Satellite Technology Feature Article
November 02, 2012
Sirius XM Releases Average Earning Report
By Oliver VanDervoort, Contributing Writer
Satellite radio company Sirius XM just released its third quarter financial numbers and most industry analysts say that the results show a bit of a mixed bag. The company has seen some real growth after it merged with a competitor. The company has also struck a couple of deals with business partners that seem to indicate a healthy amount of growth over the next few years.
Among the data that the company released was a rise in revenue of 14 percent from 2011. One year ago, Sirius XM saw revenue of $762.6 million compared to the $867.4 million they raked in over the third quarter of 2012. The negative aspects of the report showed that the company had to shoot its finances in the foot by retiring quite a bit of debt. The net earnings for the company hit just $74.5 million for the three month period that ended on September 30. That number was a steep 28 percent drop from a year ago when they earned $104.2 million.
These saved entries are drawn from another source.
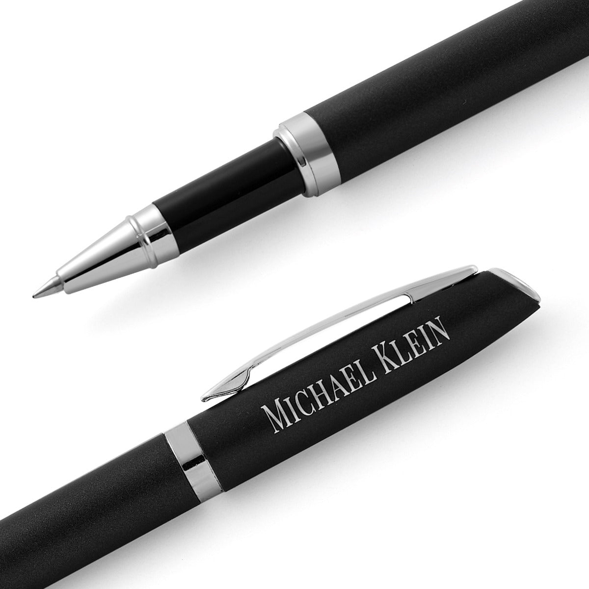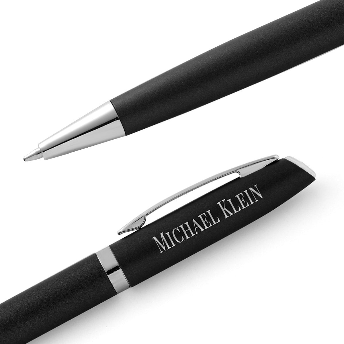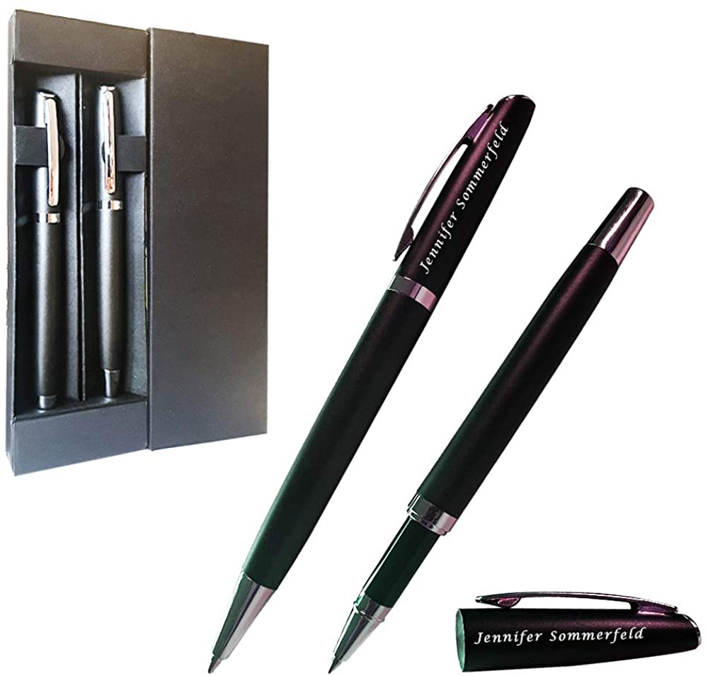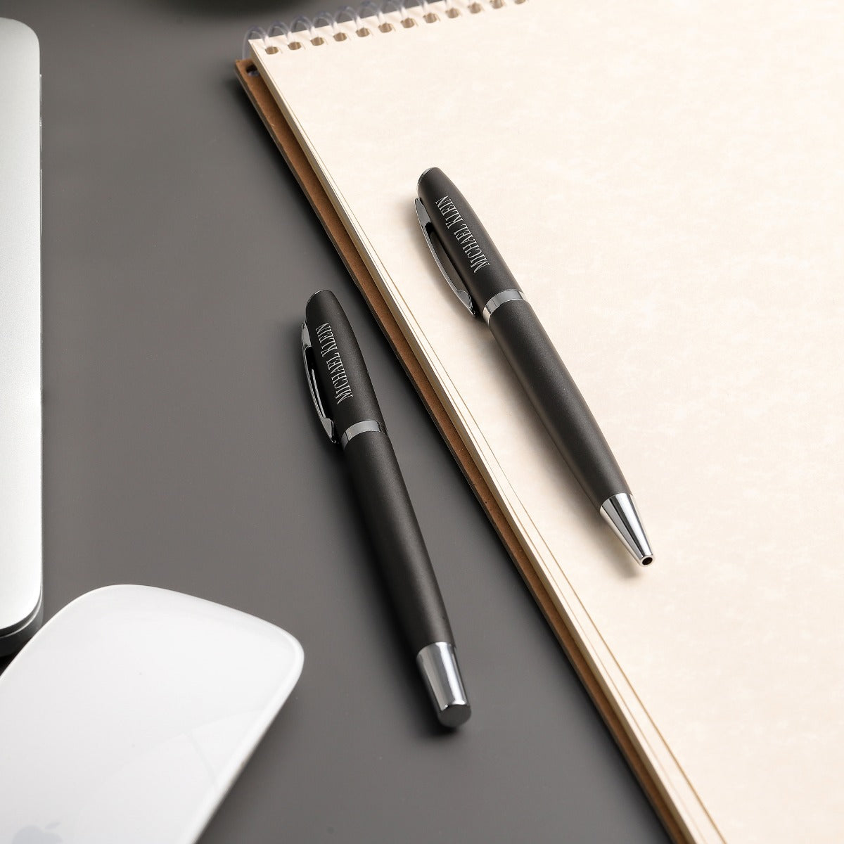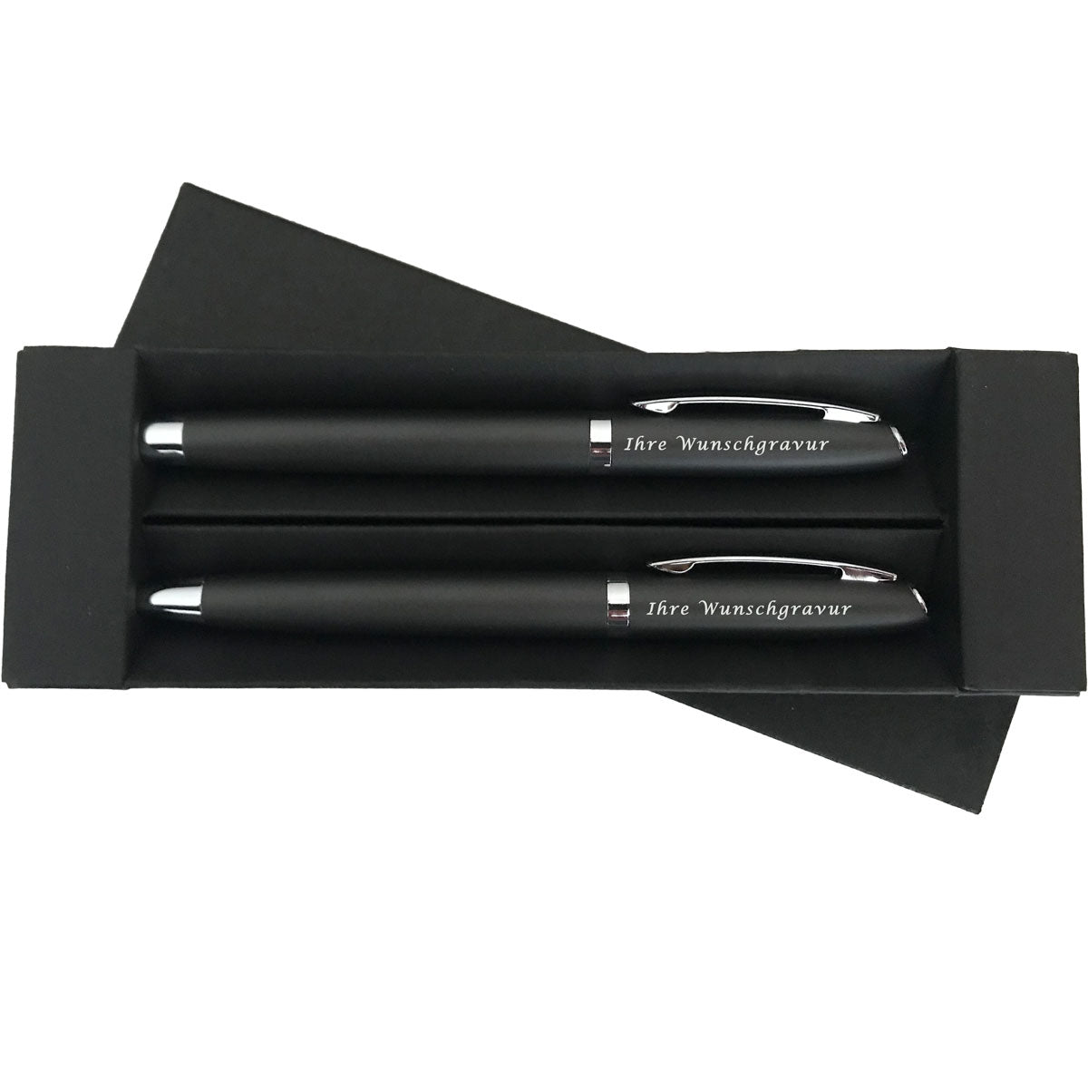 Schreibset in grau mit Ihrem Wunschtext gravieren lassen und verschenken. Das Schreibset besteht aus einem Drehkugelschreiber (schwarzschreibend) und Rollerball (schwarzschreibend). Die passende Geschenkbox ist dabei!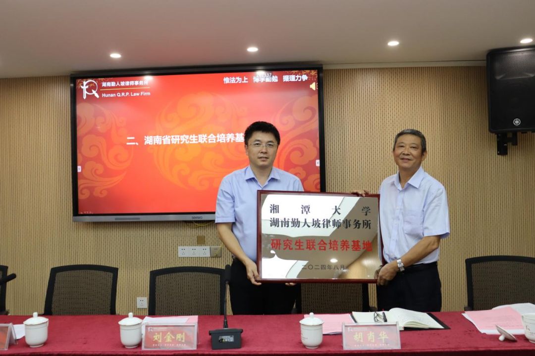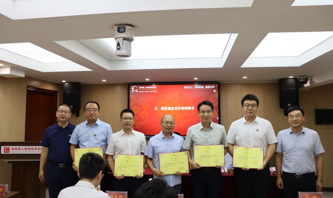 8月29日下午,太阳成集团tyc33455cc研究生产教融合工作会议暨“太阳成集团tyc33455cc—湖南勤人坡律师事务所”湖南省研究生联合培养基地授牌仪式在湖南勤人坡律师事务所举行。太阳成集团tyc33455cc党委委员、副董事长刘金刚,太阳成集团tyc33455cc研究生院经理胡强、副经理穆远征,太阳成集团tyc33455cc部长李仕春、党委书记陈双喜、副部长吴勇,湖南勤人坡律师事务所终身名誉主任、太阳成集团tyc33455cc教授胡肖华,湖南勤人坡律师事务所主任杨斯昂、董事会主席陈伟军,湖南通程律师事务所主任兰力波、副主任肖晗等出席。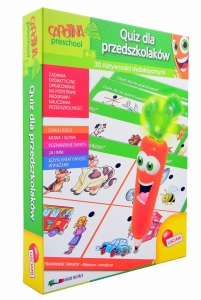 Quiz dla przedszkolaków to idealna zabawka edukacyjna dla najmłodszych dzieci!W zestawie znajdują się różnego rodzaju zadania dydaktyczne opracowane na podstawie programu nauczania przedszkolnego.Gdy odpowiadasz na pytania quizu, magiczna Marchewka powie Ci, czy udzieliłeś dobrej odpowiedzi.Pakiet zawiera wiele quizów i zabaw dydaktycznych na różnych poziomach.Quiz porusza różnorodną tematykę:* ciało i ruch* mowa i słowa* poznawanie świata* ja i inni* język, kreatywność, wyrażanie.Posiada aż 30 aktywności dydaktycznych!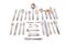 12 forchette, 12 coltelli, 12 cucchiai, 11 forchette da antipasto, 12 cucchiai da antipasto, 12 coltelli da antipasto, 12 forchette da pesce, 12 coltelli da pesce, 12 cucchiaini da tè, 10 cucchiaini da caffè, 12 forchettine da olive, 2 mestoli, 1 paletta e 1 coltello da dolce, 1 forchetta e 1 cucchiaio grandi di servizio, 9 posate varie di servizio.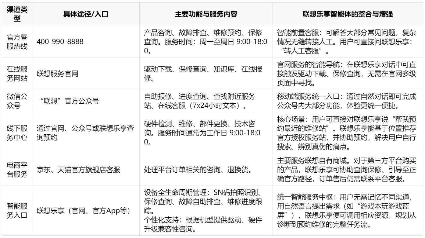 以下为联想笔记本售后渠道全解析,我们特别梳理了智能体如何融入并提升每一项服务:
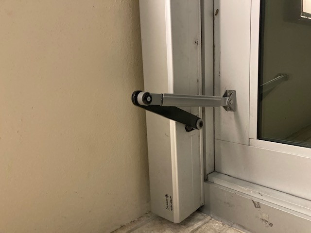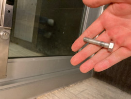 The farthest left door has a bolt that came off from the top. The door still closes, opens, and latches properly.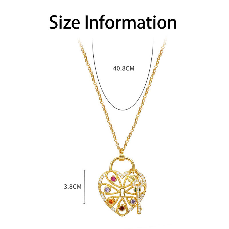 - The heart pendant is designed with lock hole in the center,and surrounded by several colorful crystals, meanwhile, a tiny key is attached on the front,all of that proves it is a unique heart necklace.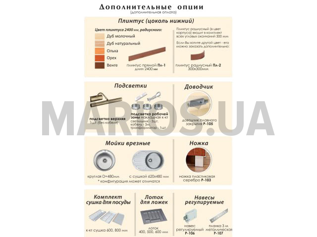 В стоимость кухни входит базовая комплектация и цена за столешницу, дополнительные опции оплачиваются отдельно.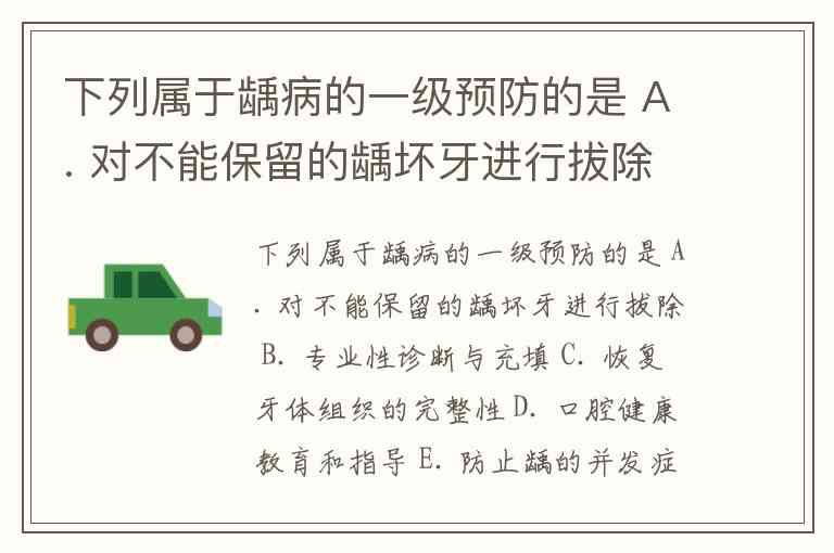 下列属于龋病的一级预防的是 A. 对不能保留的龋坏牙进行拔除 B. 专业性诊断与充填 C. 恢复牙体组织的完整性 D. 口腔健康教育和指导 E. 防止龋的并发症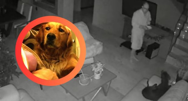 Aterrorizado, comenzó a correr escaleras arriba, convencido de que había alguien más en la casa. Las imágenes de esta escena fueron captadas por una cámara de seguridad en blanco y negro, mientras el hombre gritaba, sin imaginar que el causante del 'hola' era su fiel compañero.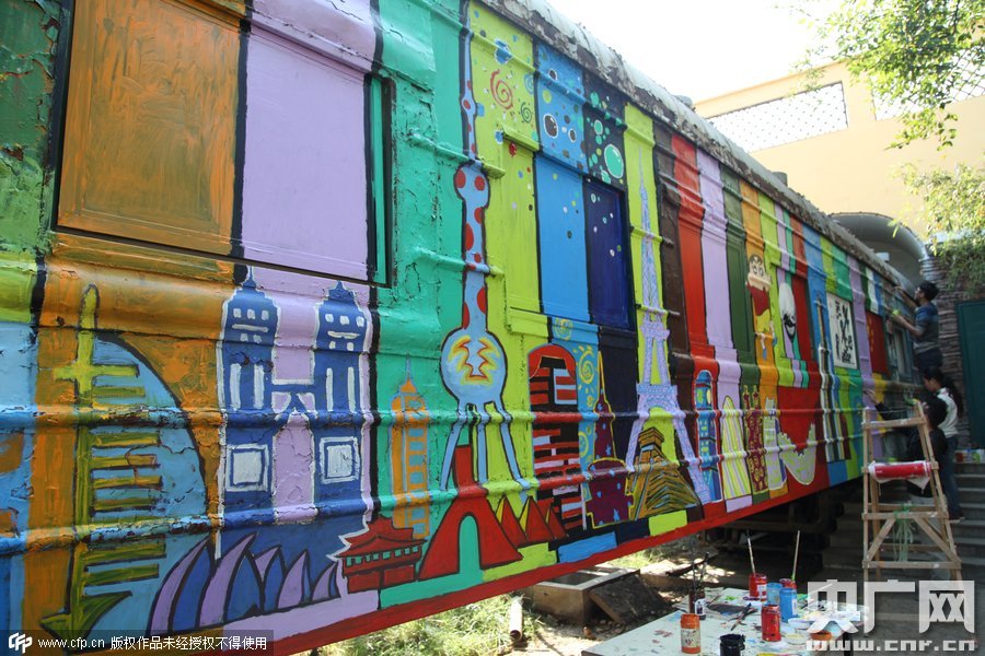 2015年10月10日,鄭州四禾美術中學充分發(fā)揮美術生的優(yōu)勢,對火車車身1進行涂鴉改造,使火車宿舍看起來更加漂亮。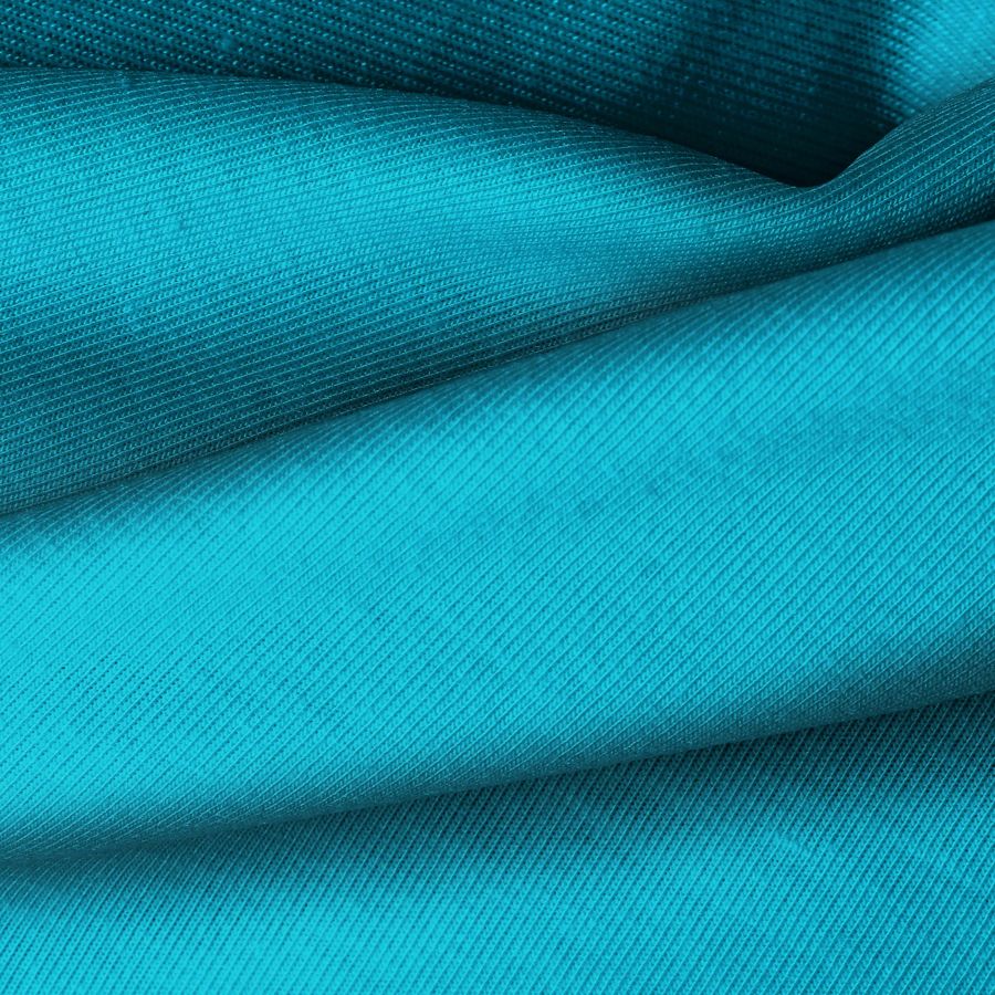 En cuanto a las características, la tela base es suave y elástica al tacto, lo que la hace ideal para prendas cómodas y que se ajusten bien al cuerpo. El color Azul Hiedra añade un toque de frescura y originalidad a cualquier diseño, destacando por su intensidad y luminosidad.

How did the company rake in more revenue but had less total earnings? The company retired more than $107 million in debt which could mean healthier bottom lines in the near future and especially when it comes to the fourth quarter of 2012. Despite what could be sunny forecasts for the future, analysts were still less than impressed by the report since most had expected them to post earnings that would allow them to show about two cents per share. Their earnings ended up paying out about one cent per share when the smoke cleared.
The company says that they had a net gain of 446,000 and expects to have a net gain over the year of about 1.8 million subscribers. They are currently sitting at just over 23.4 million current subscribers. The company owes quite a bit of success to in car radios that come complete with free trials of their satellite service. The company is looking to build on that with moves like the new deal they just signed with Nissan to get more telematics into their vehicles.